Lalu dia pasrah menerimanya, seolah tidak ada cara lain. Ah, kau harus mendengarkan orang sampai akhir.
“Dan, berdasarkan penampilan Ga-eul, aku akan memberinya satu batu mana tingkat tertinggi setiap kali.”
“…Pertunjukan?”
Aku menyeringai.
Alasan saya menetapkan persyaratan ini.
Pada awalnya, Lim Ga-eul memiliki kepribadian yang lembut dan inklusif, umumnya memiliki sikap yang santai dan mudah bergaul.
“Tapi Anda tidak bisa hanya mengatakan itu bagus.”
Soup selalu tekun dalam berlatih dan mengembangkan diri.
Adapun Kang Do-hee, begitu dia mengamankan posisi sebagai rival, dia secara alami akan berkembang pesat sambil membangkitkan semangat bertarungnya.

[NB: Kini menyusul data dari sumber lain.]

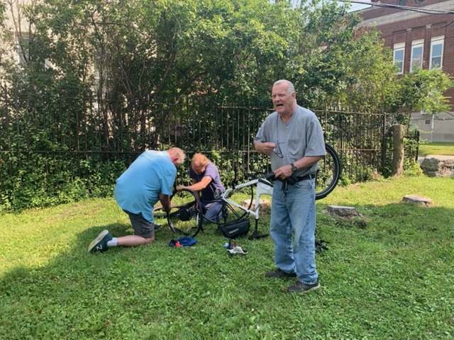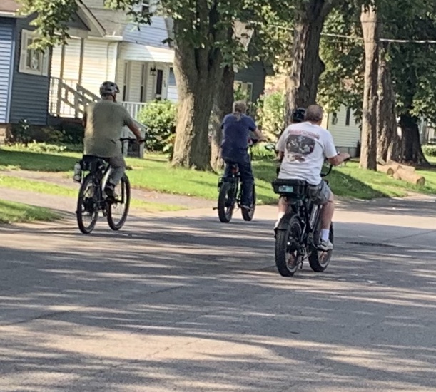He borrowed a friends e-bike to go for a 31 mile round trip. They on Cleveland street in Tonawanda and continued to Delaware Paark and then the Peace Brifge and back.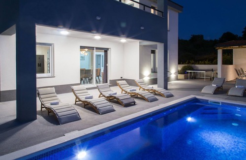 A beautiful 5-bedroom house located in Srinjine, just 15km from Split and 10km from Omis. The house features a spacious living room, a fully-equipped kitchen, three air-conditioner, four bathrooms, a private pool, a grill, and a lovely garden. The perfect blend of comfort and relaxation in a picturesque setting.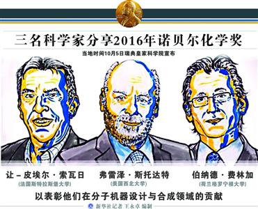 斯德哥尔摩时间5日11时45分,北京时间17时45分,2016年诺贝尔化学奖授予了3位科学家:法国斯特拉斯堡大学的让-皮埃尔·索瓦日教授、美国西北大学的弗雷泽·斯托达特爵士以及荷兰格罗宁根大学的伯纳德·L·费林加教授,获奖理由是“分子机器的设计与合成”。很多人之前都猜测这次诺贝尔化学奖多半会颁给生物化学,没想到难得地颁给了纯化学领域的科学家,尽管“分子机器”并不是大热门。

Dan Shin Se-hee, selama Anda mengelola kondisi mentalnya dengan baik, dia akan menjaga disiplin dirinya dengan sempurna.
Namun, dalam kasus Lim Ga-eul, dia kurang memiliki antusiasme atau kemauan yang besar.
Dengan kata lain, itu berarti efisiensi pelatihannya jauh lebih rendah!
Selain itu, saat saya mempertimbangkan bagaimana cara membesarkan kakak perempuan ini, metode ini tampak cukup meyakinkan.
“Ya. Untuk setiap peningkatan 10 poin pada total skor kemampuan di jendela status, saya akan memberikan satu batu mana tingkat tertinggi. Oh, tentu saja, tidak termasuk mana.”
“!”
Kamu bisa mendapatkan batu mana hanya dengan meningkatkan nilai kemampuanmu!?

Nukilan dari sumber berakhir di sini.